_The task_. Leave out pictures; repeat exactly the lines from the "розсічення м'язів. |" line through the last of the data below.

[[ Record set open ]]

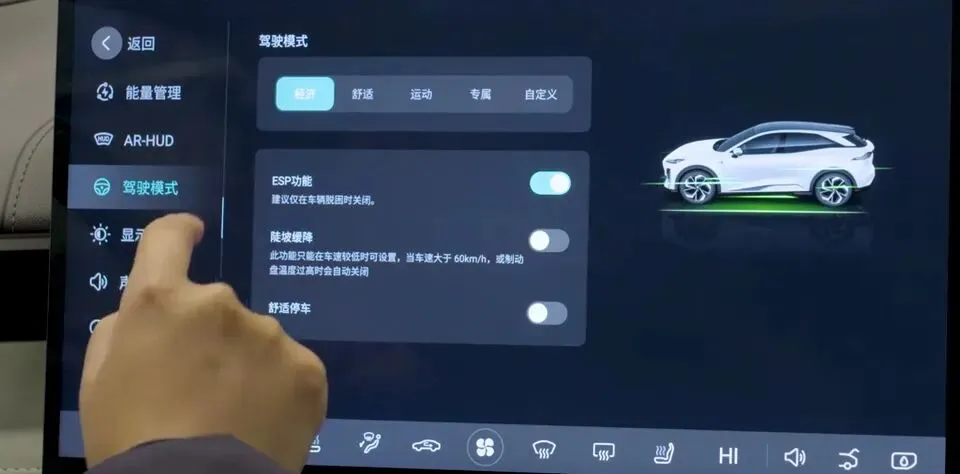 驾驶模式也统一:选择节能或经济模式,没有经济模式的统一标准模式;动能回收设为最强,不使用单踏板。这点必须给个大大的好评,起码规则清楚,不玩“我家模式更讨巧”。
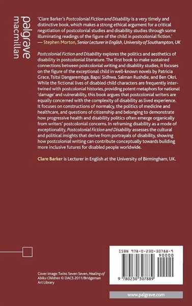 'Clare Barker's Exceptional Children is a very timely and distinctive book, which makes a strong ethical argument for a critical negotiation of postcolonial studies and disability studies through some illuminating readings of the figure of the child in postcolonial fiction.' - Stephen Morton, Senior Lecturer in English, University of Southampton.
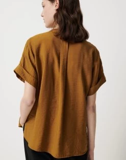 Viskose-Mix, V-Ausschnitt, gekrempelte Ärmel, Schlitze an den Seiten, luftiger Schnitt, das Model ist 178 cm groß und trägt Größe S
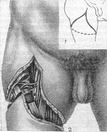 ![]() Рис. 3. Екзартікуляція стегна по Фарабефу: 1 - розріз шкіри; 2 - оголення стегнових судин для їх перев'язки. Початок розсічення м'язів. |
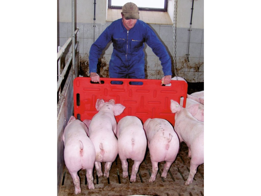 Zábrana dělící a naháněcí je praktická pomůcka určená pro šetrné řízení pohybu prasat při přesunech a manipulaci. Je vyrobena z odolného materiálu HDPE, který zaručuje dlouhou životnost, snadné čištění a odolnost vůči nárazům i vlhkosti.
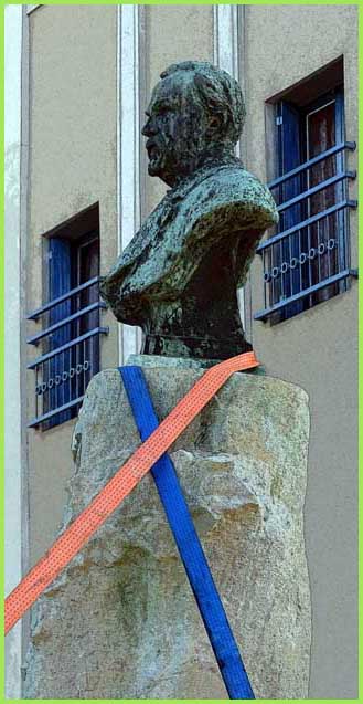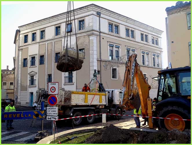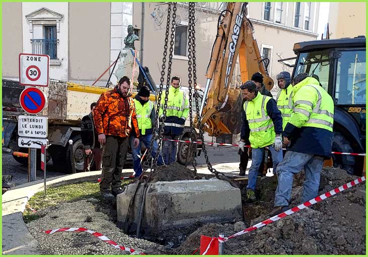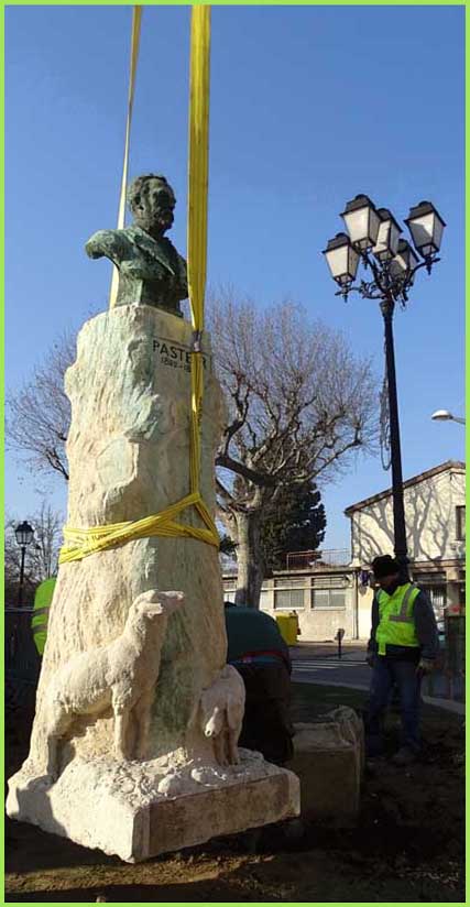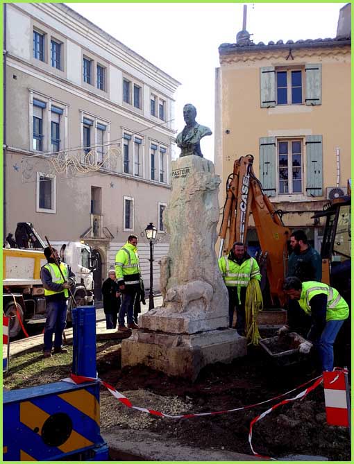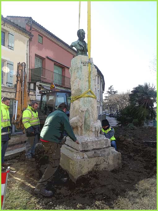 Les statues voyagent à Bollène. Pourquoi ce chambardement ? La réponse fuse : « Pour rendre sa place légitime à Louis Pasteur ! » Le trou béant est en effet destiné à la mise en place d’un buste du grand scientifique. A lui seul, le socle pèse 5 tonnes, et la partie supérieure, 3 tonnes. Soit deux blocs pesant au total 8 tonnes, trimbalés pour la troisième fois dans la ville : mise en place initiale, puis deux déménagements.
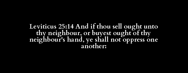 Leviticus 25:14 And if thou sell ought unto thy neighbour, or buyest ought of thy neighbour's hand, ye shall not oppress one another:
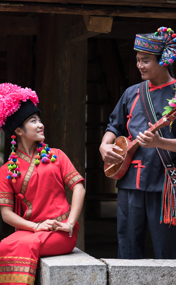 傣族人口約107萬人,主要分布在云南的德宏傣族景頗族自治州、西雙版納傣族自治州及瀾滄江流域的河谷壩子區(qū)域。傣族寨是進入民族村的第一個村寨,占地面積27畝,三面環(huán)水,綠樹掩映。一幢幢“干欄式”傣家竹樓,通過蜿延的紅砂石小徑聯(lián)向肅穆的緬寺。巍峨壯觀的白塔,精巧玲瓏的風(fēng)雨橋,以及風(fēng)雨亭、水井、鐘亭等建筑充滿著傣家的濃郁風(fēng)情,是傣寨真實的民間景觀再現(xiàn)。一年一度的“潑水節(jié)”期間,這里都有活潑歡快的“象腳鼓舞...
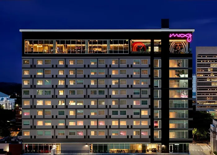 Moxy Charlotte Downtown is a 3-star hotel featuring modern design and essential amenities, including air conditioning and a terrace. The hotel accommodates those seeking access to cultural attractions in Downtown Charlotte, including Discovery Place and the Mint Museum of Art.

[[ Record set closed ]]

_Your response_.
 ![]() Рис. 3. Екзартікуляція стегна по Фарабефу: 1 - розріз шкіри; 2 - оголення стегнових судин для їх перев'язки. Початок розсічення м'язів. |
 Zábrana dělící a naháněcí je praktická pomůcka určená pro šetrné řízení pohybu prasat při přesunech a manipulaci. Je vyrobena z odolného materiálu HDPE, který zaručuje dlouhou životnost, snadné čištění a odolnost vůči nárazům i vlhkosti.
 Les statues voyagent à Bollène. Pourquoi ce chambardement ? La réponse fuse : « Pour rendre sa place légitime à Louis Pasteur ! » Le trou béant est en effet destiné à la mise en place d’un buste du grand scientifique. A lui seul, le socle pèse 5 tonnes, et la partie supérieure, 3 tonnes. Soit deux blocs pesant au total 8 tonnes, trimbalés pour la troisième fois dans la ville : mise en place initiale, puis deux déménagements.
 Leviticus 25:14 And if thou sell ought unto thy neighbour, or buyest ought of thy neighbour's hand, ye shall not oppress one another:
 傣族人口約107萬人,主要分布在云南的德宏傣族景頗族自治州、西雙版納傣族自治州及瀾滄江流域的河谷壩子區(qū)域。傣族寨是進入民族村的第一個村寨,占地面積27畝,三面環(huán)水,綠樹掩映。一幢幢“干欄式”傣家竹樓,通過蜿延的紅砂石小徑聯(lián)向肅穆的緬寺。巍峨壯觀的白塔,精巧玲瓏的風(fēng)雨橋,以及風(fēng)雨亭、水井、鐘亭等建筑充滿著傣家的濃郁風(fēng)情,是傣寨真實的民間景觀再現(xiàn)。一年一度的“潑水節(jié)”期間,這里都有活潑歡快的“象腳鼓舞...
 Moxy Charlotte Downtown is a 3-star hotel featuring modern design and essential amenities, including air conditioning and a terrace. The hotel accommodates those seeking access to cultural attractions in Downtown Charlotte, including Discovery Place and the Mint Museum of Art.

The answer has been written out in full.